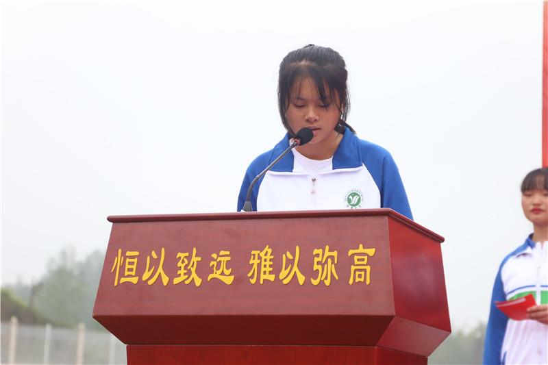 學(xué)生代表1802班姚湘粵同學(xué)立下錚錚誓言,要像雄鷹直沖云天,像水手乘風(fēng)破浪,以汗水澆灌,用智慧耕耘,奪取六月桂冠。
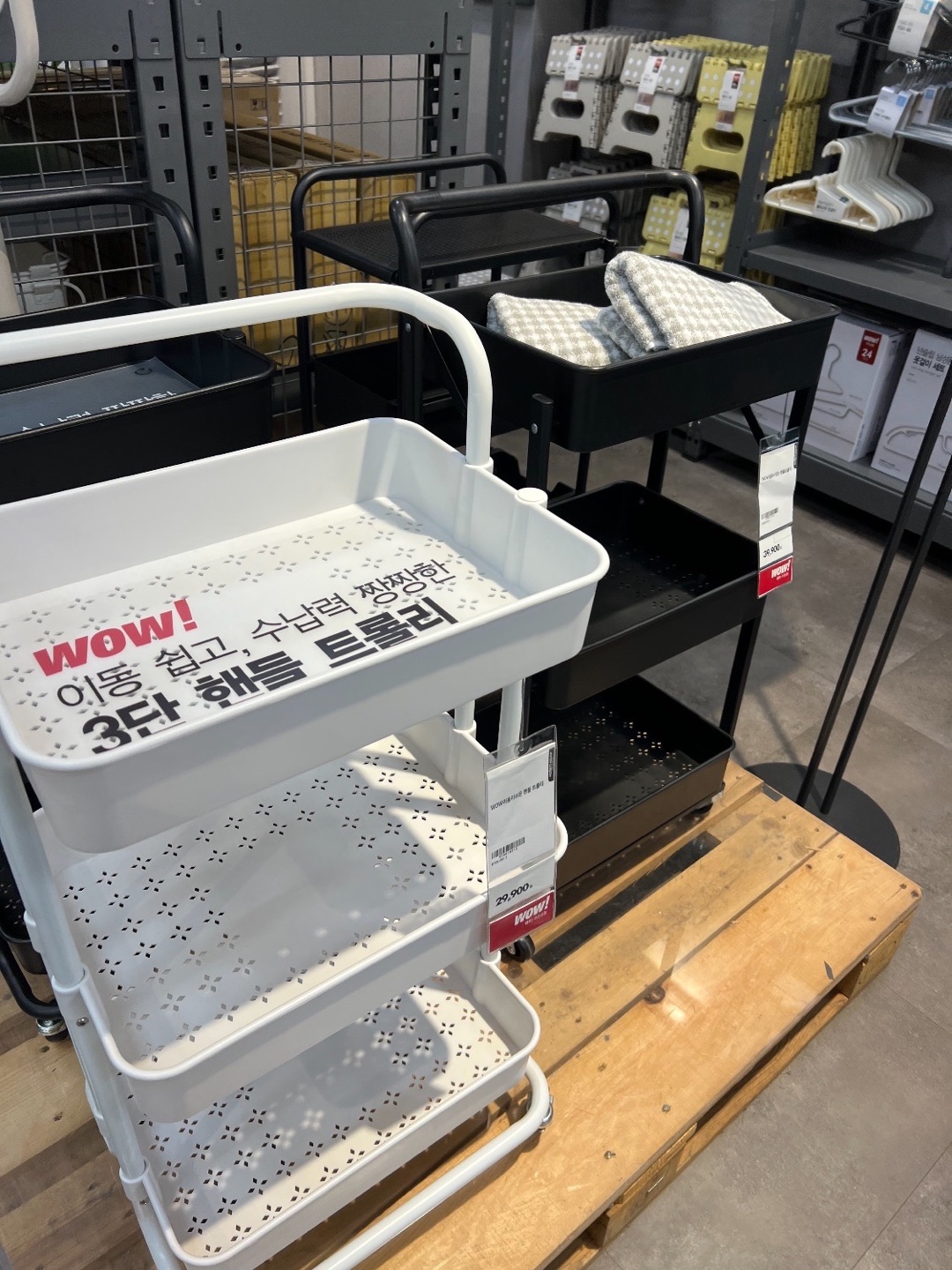 이케아에서만 보던 트롤리를 모던하우스에서도 발견했습니다. 29,900원의 저렴한 가격이었고 이동이 쉬워서 집에 하나 정도 가지고 있으면 좋을 거라는 생각이 들었습니다.
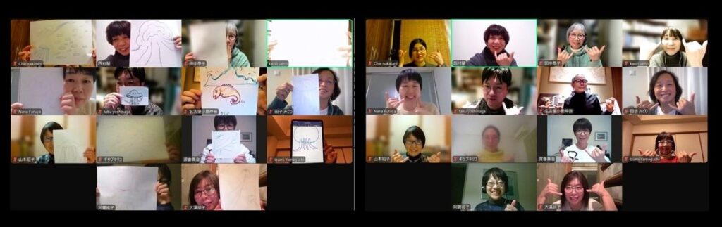 (千夜千冊を輪読した後、2分でクラゲのお絵かき遊びに湧いた群島ククムイの乗組員たち)
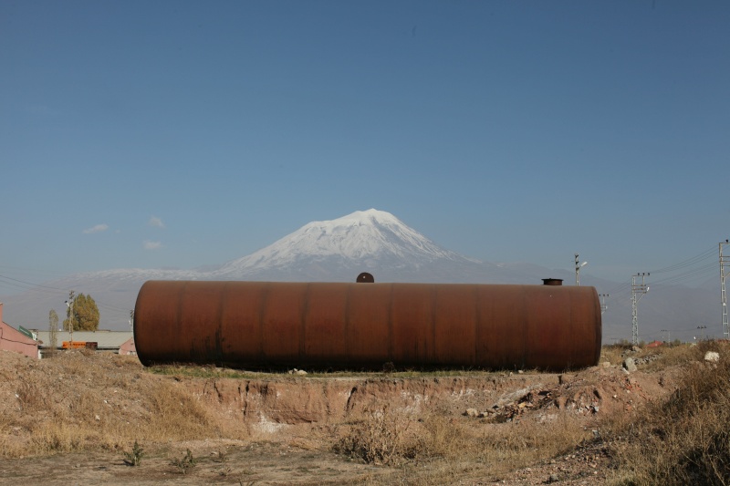 Cette photographie, avec un cadrage très semblable à celui de l'image de la semaine, est prise avec plus de recul. Le premier plan est plus important, diminuant la place du ciel. Le mont Ararat est plus centré par rapport à la verticale, marquant donc plus l'image. Les deux images sont de qualité équivalente et justifiant la même notation. Je préfère la première qui rend plus présente cette cuve.

▶ [Problem] Exact repetition of the material above is required, with the images removed.

▶ [Answer to this task]
 學(xué)生代表1802班姚湘粵同學(xué)立下錚錚誓言,要像雄鷹直沖云天,像水手乘風(fēng)破浪,以汗水澆灌,用智慧耕耘,奪取六月桂冠。
 이케아에서만 보던 트롤리를 모던하우스에서도 발견했습니다. 29,900원의 저렴한 가격이었고 이동이 쉬워서 집에 하나 정도 가지고 있으면 좋을 거라는 생각이 들었습니다.
 (千夜千冊を輪読した後、2分でクラゲのお絵かき遊びに湧いた群島ククムイの乗組員たち)
 Cette photographie, avec un cadrage très semblable à celui de l'image de la semaine, est prise avec plus de recul. Le premier plan est plus important, diminuant la place du ciel. Le mont Ararat est plus centré par rapport à la verticale, marquant donc plus l'image. Les deux images sont de qualité équivalente et justifiant la même notation. Je préfère la première qui rend plus présente cette cuve.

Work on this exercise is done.